* Assignment *
Copy exactly the stretch of data below from the line with "To analyze the" through the line with "Ванна отдельностоящая Milldue", including both of those lines.

==== Data section

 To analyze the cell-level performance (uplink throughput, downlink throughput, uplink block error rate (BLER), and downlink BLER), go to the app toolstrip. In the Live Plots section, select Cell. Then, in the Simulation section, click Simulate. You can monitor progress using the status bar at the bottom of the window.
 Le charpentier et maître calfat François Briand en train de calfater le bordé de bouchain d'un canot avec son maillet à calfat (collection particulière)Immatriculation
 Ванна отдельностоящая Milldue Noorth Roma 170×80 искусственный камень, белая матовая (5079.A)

========
==== Data section

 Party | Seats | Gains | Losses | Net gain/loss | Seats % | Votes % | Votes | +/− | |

========
==== Data section

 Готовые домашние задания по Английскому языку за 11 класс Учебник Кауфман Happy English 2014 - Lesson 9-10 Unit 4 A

========

* Task answer *
 To analyze the cell-level performance (uplink throughput, downlink throughput, uplink block error rate (BLER), and downlink BLER), go to the app toolstrip. In the Live Plots section, select Cell. Then, in the Simulation section, click Simulate. You can monitor progress using the status bar at the bottom of the window.
 Le charpentier et maître calfat François Briand en train de calfater le bordé de bouchain d'un canot avec son maillet à calfat (collection particulière)Immatriculation
 Ванна отдельностоящая Milldue Noorth Roma 170×80 искусственный камень, белая матовая (5079.A)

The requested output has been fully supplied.